Я быстро обернулся. Какая-то дама стояла позади меня, мой взоръ встрѣтился съ парой глазъ, тѣхъ удивительно странныхъ, какъ бы затуманенныхъ голубыхъ глазъ, которые смотрятъ пристально, не мигая.
— Совсѣмъ не знаю, кто она, — отвѣтилъ я и отвернулся. Я былъ страшно взволнованъ. Эти глаза продолжали смотрѣть на меня. Я чувствовалъ, какъ они обжигали своимъ взглядомъ мой затылокъ. Они производили какое-то металлическое впечатлѣніе, и, казалось, меня сзади пронизывали двѣ холодныя иглы.
При моей страшной нервности я не могъ выдержать подобнаго взгляда. Я еще разъ обернулся и, вполнѣ убѣдясь, что не знаю этой дамы, покинулъ свое мѣсто передъ оградой и пошелъ своей дорогой.
Нѣсколько дней спустя сидѣлъ я на скамьѣ, какъ разъ противъ университетскихъ часовъ, съ однимъ знакомымъ молодымъ лейтенантомъ. Мы сидѣли и разглядывали толпу, сновавшую взадъ и впередъ передъ нами. И вдругъ среди этого роя людей я вижу два глаза — два холодныхъ, затуманенныхъ глаза. Они опять неподвижно уставлены на меня, и я тотчасъ же узнаю молодую даму изъ Тиволи. Она, проходя, не спускала съ меня глазъ, и лейтенантъ спросилъ съ любопытствомъ, знаю ли я, кто она.
— Не имѣю ни малѣйшаго понятія, — отвѣтинъ я.
— Да, но одного изъ насъ должна же она знать, — сказалъ онъ и всталъ. — Можетъ быть, именно меня?

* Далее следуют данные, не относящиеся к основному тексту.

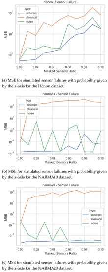 The average MSE with standard deviations for simulated sensor failures for the datasets (a) Hénon, (b) NARMA10 and (c) NARMA20.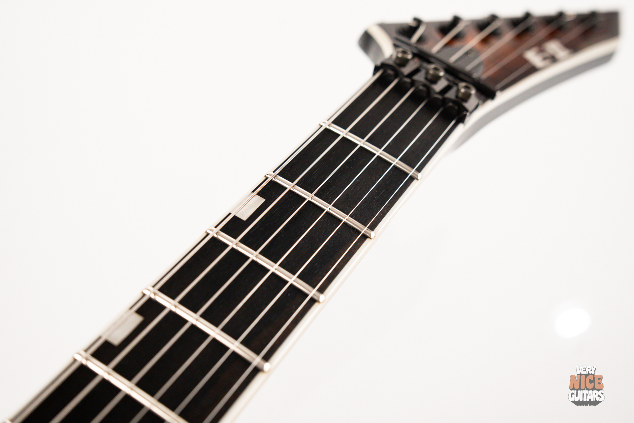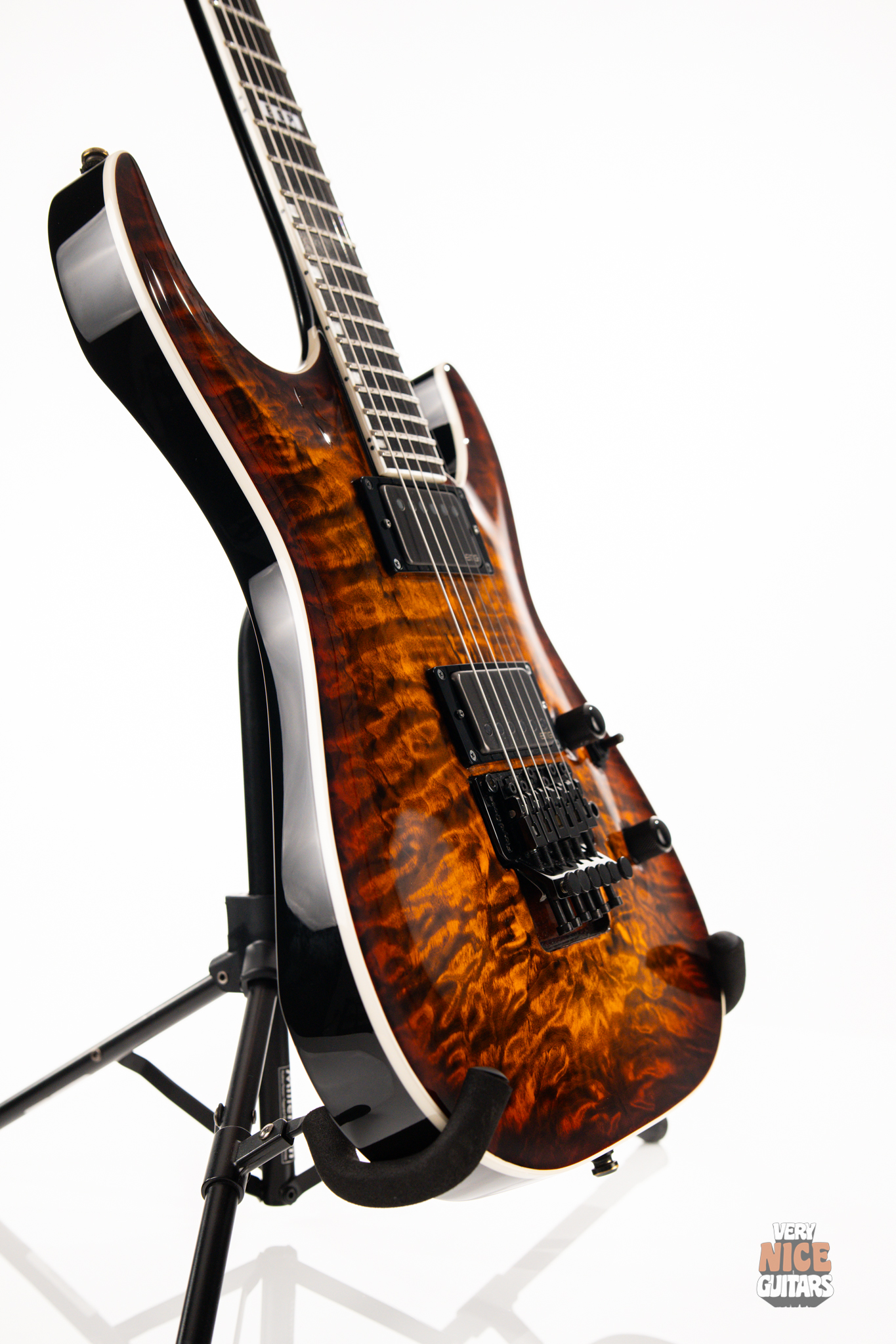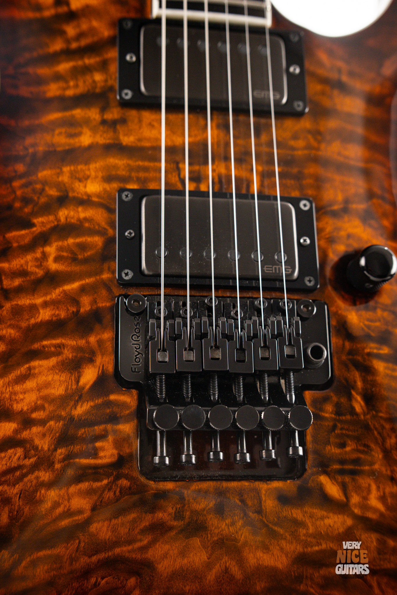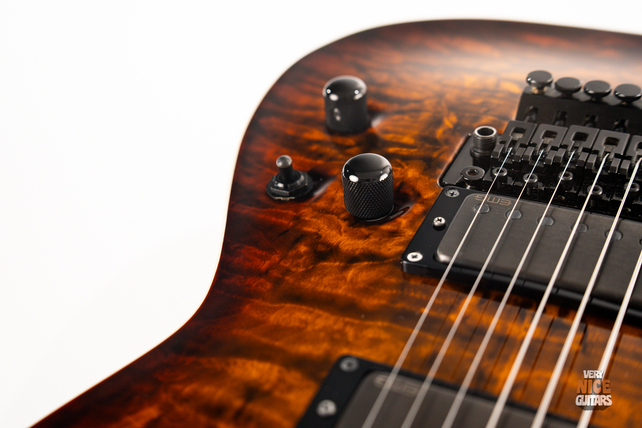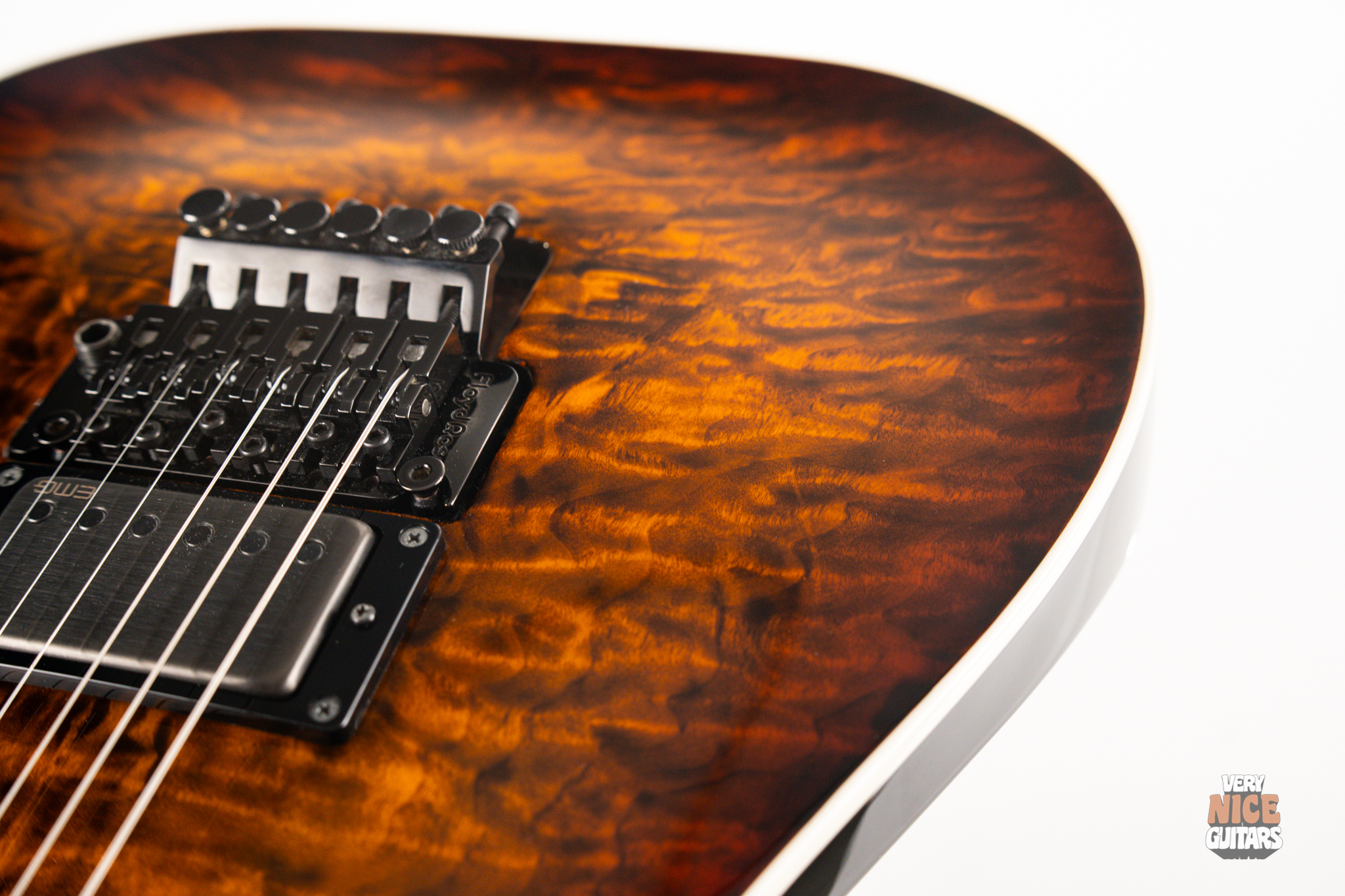 This guitar comes equipped with the top-of-the-line, German-made Floyd Rose Original, with a hardened steel baseplate and saddles along with a nickel-plated brass sustain block. The result? Exceptional durability, tuning stability and impressive sustain. Visually, the guitar’s clean, minimalist design is beautifully contrasted by a Quilted Maple top in a stunning Tiger Eye Sunburst finish. The ebony fretboard paired with a maple neck delivers a classic tonewood combination for metal – offering a snappy attack and a smooth, fast-playing feel. Subtle offset rectangular inlays add an extra touch of class. Tone-wise, it’s loaded with a set of active EMG 66 and 57 humbuckers in Brushed Black Chrome. These pickups deliver tight, heavy rhythm tones and clear, dynamic cleans, with enhanced low end and smoother highs compared to traditional active sets.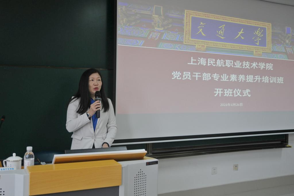项玉副院长向大家介绍了上海交通大学的历史沿革和办学特色,回顾了与我院近年来合作开展干部教育培训工作的情况,汇报了本次培训班的项目设计思路尤其是教学课程体系建设的情况,表示终身教育学院将坚持在干部教育培训工作中以履行社会服务职能、发挥文化辐射作用、提供决策“智库”支撑,推进校地协同创新为愿景,致力于发挥交通大学的科技优势、人才优势、信息优势和国际化优势,面向高层次、定位高水平、培训高质量,服务区域经济和社会发展及干部队伍建设。她承诺,本期培训班将为我院配备上海交通大学的校内外优质师资力量,提供高质量的课程教学服务,并衷心希望与我院有更多更广的合作机会和交流空间,持续提升我院党员干部政治素质和专业素养培养的系统性、针对性、实效性。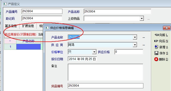 这个是记录供应商报价信息的,产品资料里面的最高进价是以这里面为准,但是有时候好像又没有马上更新到位

Въ это время дама сѣла на ближайшую къ намъ скамейку. Мы направились къ ней, но я схватилъ лейтенанта за рукавъ и старался оттащить его подальше.
— Не дури, пожалуйста, — сказалъ онъ, — вѣдь это же весьма понятно, что мы должены ей поклониться.
— Ну, если такъ… — отвѣтилъ я и пошелъ съ нимъ обратно.
Онъ поклонился и назвалъ себя.
— Не можетъ ли онъ сѣсть рядомъ съ ней?
И онъ безъ церемоніи, преспокойно усѣлся съ ней рядомъ. Онъ говорилъ, а она отвѣчала дружески, но разсѣянно. Нѣсколько минутъ спустя онъ уже держалъ ея зонтикь и игралъ имъ. Я все время стоялъ и смотрѣлъ на нихъ. Я былъ нѣсколько смущенъ и, въ сущности, не зналъ, что мнѣ дѣлать съ собой.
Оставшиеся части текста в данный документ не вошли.